На вершинах холмов в моем родном штате Нью-Йорк растут клены, голые серые ветви которых будто нарисованы свежеочиненным карандашом по зимнему небу. Но орегонские дубы в Вилламетт-Вэлли нарисованы толстым зеленым мелком. Дожди идут непрерывно, и покрытые зеленым мхом стволы деревьев выглядят роскошно, листья же поникли. Эта мшистая «губка» обеспечивает постоянный приток воды к корням деревьев, насыщая почву под ними влагой: так создается запас воды на лето.

К августу о зимних дождях давно уже забыли, земля вновь страдает от жажды. Листья дубов свисают в горячем воздухе, неугомонные цикады передают прогноз погоды: шестьдесят пятый день без дождя. Цветы спрятались под землю, спасаясь от засухи, и повсюду видна лишь опаленная солнцем коричневая трава. Моховой покров на коре дубов тоже высох, вместо него — сморщенные, тоненькие скелетики, в которых трудно узнать прежние растения. Дубовая роща затаилась, пережидая летнюю жару. Любой рост, любая активность прекращаются на время засухи.

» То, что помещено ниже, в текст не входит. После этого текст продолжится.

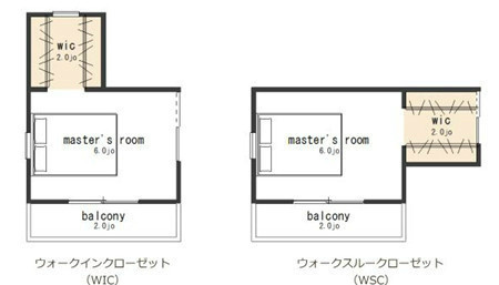 如上圖左就是一個“步入式”的空間,而右圖則是將其作為進入臥室的前室來處理,兩者的差別就在于是否貫穿。早晨起床后能夠在穿過衣帽間的過程中拿取衣物,相對第一種模式來說能夠大大縮短早上找衣服的時間。但是這種貫穿的模式需要增加衣帽間的通道。
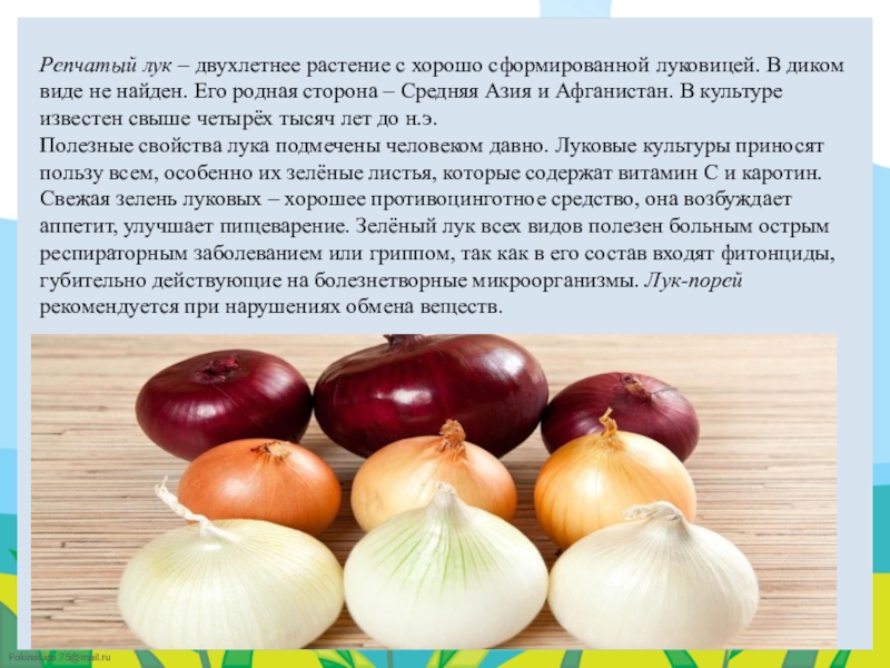 Слайд 11Репчатый лук – двухлетнее растение с хорошо сформированной луковицей. В диком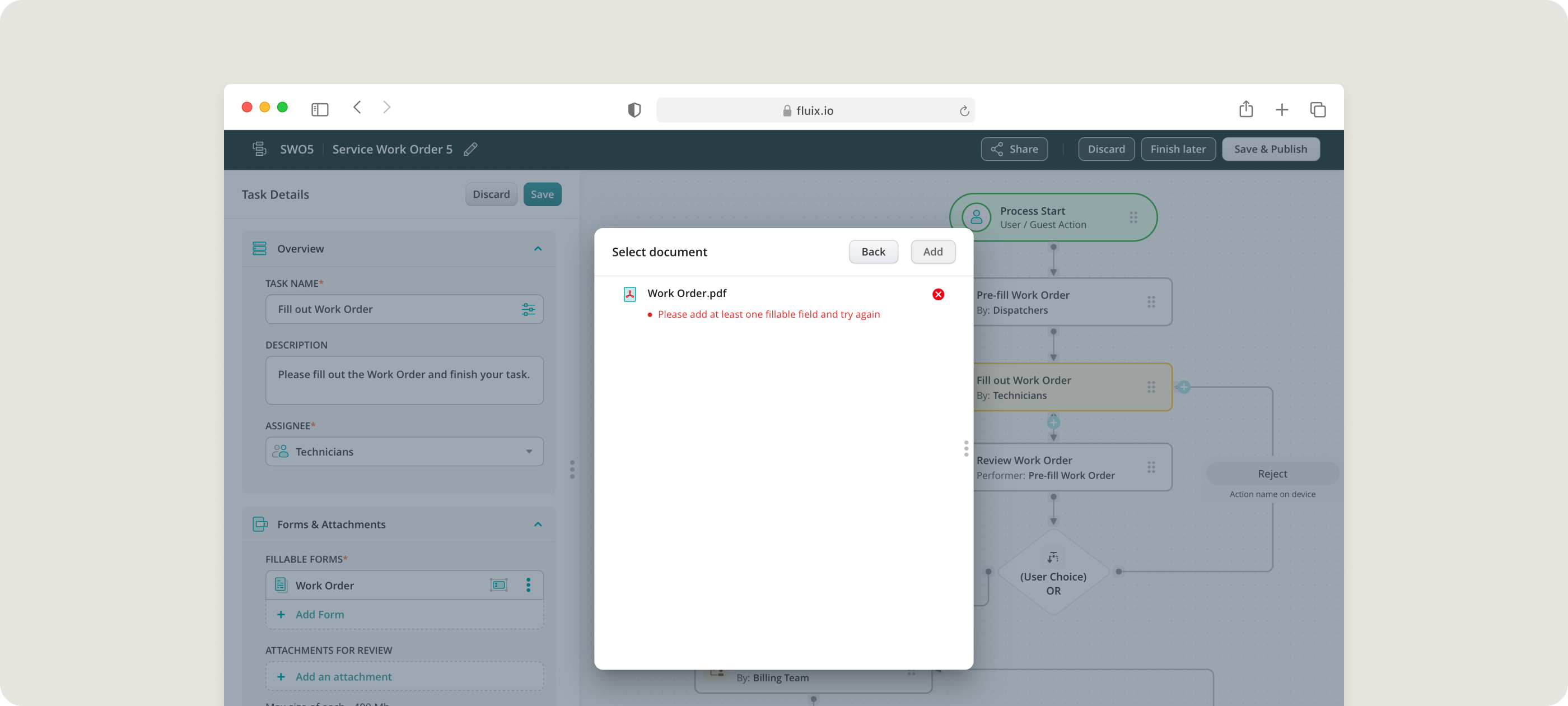 If you upload a PDF that isn’t compatible with Fluix, an error message will explain exactly what you need to fix.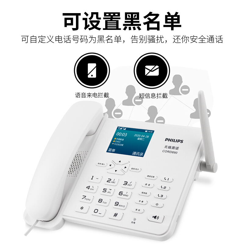 • 飞利浦(PHILIPS)插卡电话机 移动/联通固定插卡 自动录音座机 中文菜单 CORD890 白色16G版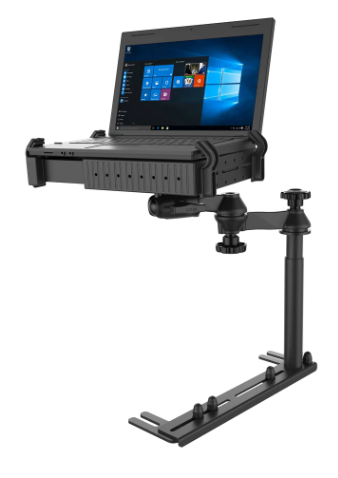 The RAM® No-Drill™ Universal Laptop Mount #RAM-VB-196-SW1 is made for an array of vehicles accomodating a 10-17" laptop. It bolts to the front bench or passenger seat.  Add a screen support or USB light to the tray for easier night operation.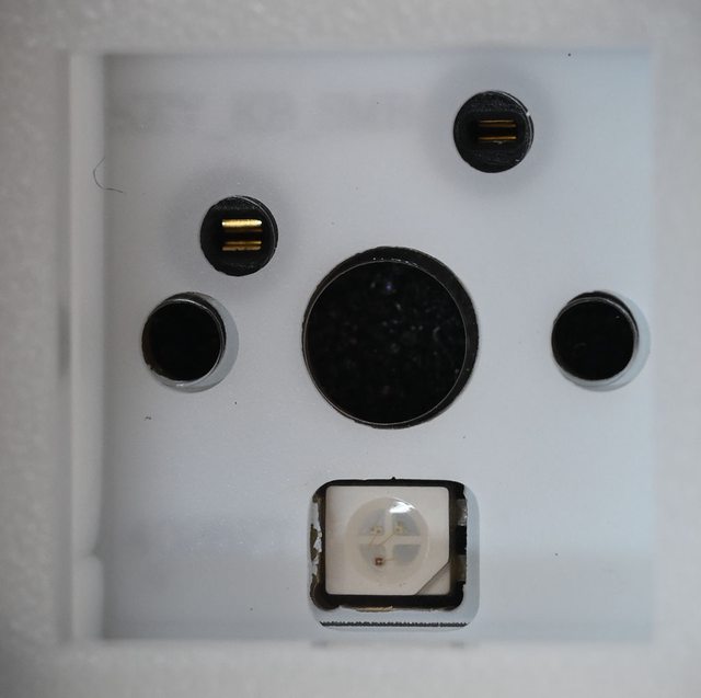 ▼鍵軸熱插拔座相容3腳/5腳鍵軸,RGB LED位於下方,中間大孔及左右小孔為固定銷孔,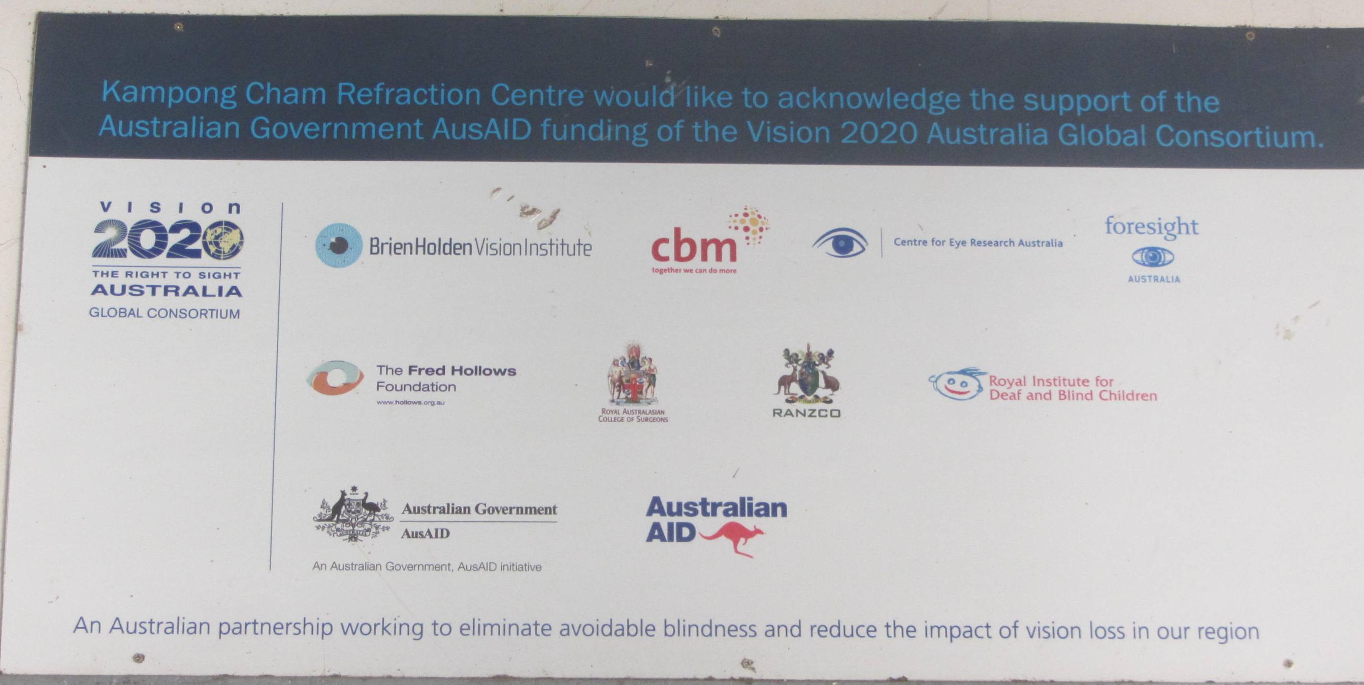 The visit to the Ophthalmology Unit at the hospital was interesting. A lot of light hearted banter in the crowds waiting around the elevated outdoor tropical corridor around the edge of the building kept us entertained. The patients from yesterday’s operations came out of the ward together and lined up to have their vision tests and consultations. One woman was in a lot of pain, accompanied by a young adult son who attentively applied eye drops and ointment to her eye amid moans of pain beside me. Various people sat in the broken plastic chair in one corner of the building while the nurse doing vision tests stood at a door at the other end, pointing to the Snellen Chart as patients motioned with their hands which way the three legs of the E were pointing. One young woman stood up after her vision test and an elderly woman standing nearby said something which elicited laughter from the crowds. Chom translated for me that “she asked her why you do like that?”, confused at the girl sitting in the chair and waving her arms in different directions. Watching people try to navigate use of the “glasses” for their visual acuity test was equally funny and it was a really humourous couple of hours, tinged with sadness when the vision test on Mini showed that she could literally not see the hand being waved right before her face.
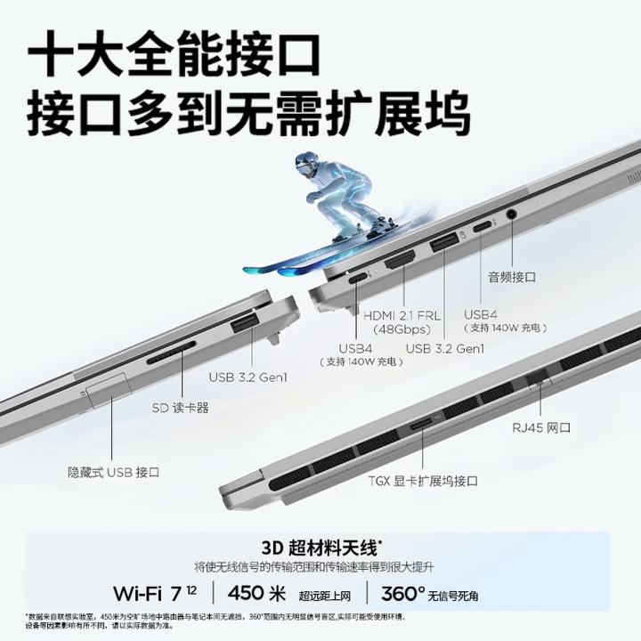 整机作念工上在A/C/D面承袭金属铝材质,A面还带有两种喷砂工艺,援助180°开合。屏幕搭载14.5英寸3K屏幕,分手率可达3072*1920,援助 30Hz-120Hz可变刷新率,散失100% DCI-P3 色域,最高亮度可达500尼特。而况内置99.9Wh大电板,标配140W便携氮化镓电源适配器,30分钟可快充至60%电量。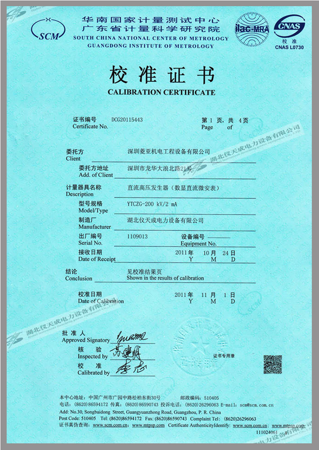 轉(zhuǎn)載:"YTCZG-200kV/2mA直流高壓發(fā)生器鑒定證書" 請注明來源于儀天成電力。 更多技術(shù)問題請致電儀天成電力客戶服務(wù):027-87876585,技術(shù)部專線:027-87876585,在線客服:

Самолет Линден опаздывает, поэтому я пробираюсь к стенду AeroJava и занимаю очередь, убивая время. На стойке стоит банка, наполовину заполненная монетами, десятицентовиками и пенни, со сделанной от руки надписью: «Если вы боитесь сдачи, оставьте ее здесь»[6]. Это необъяснимо, но я обнаруживаю, что мои глаза на мгновение наполняются слезами: я хочу вывернуть карманы, сбросить с себя груз перемен, вернуть мою маленькую дочку: вот она стоит на стуле в моем фартуке, обернутом вокруг нее три раза, вырезая печенья-валентинки, и забрызгивает кухню розовой глазурью.

Для мхов начинается время ожидания. Может, роса вернется в считаные дни, а может, им придется терпеть, высыхая, несколько месяцев. Принимать всё как должное — вот способ их существования. Они добывают свободу через боль, сопутствующую переменам, полностью сдаваясь на милость дождя.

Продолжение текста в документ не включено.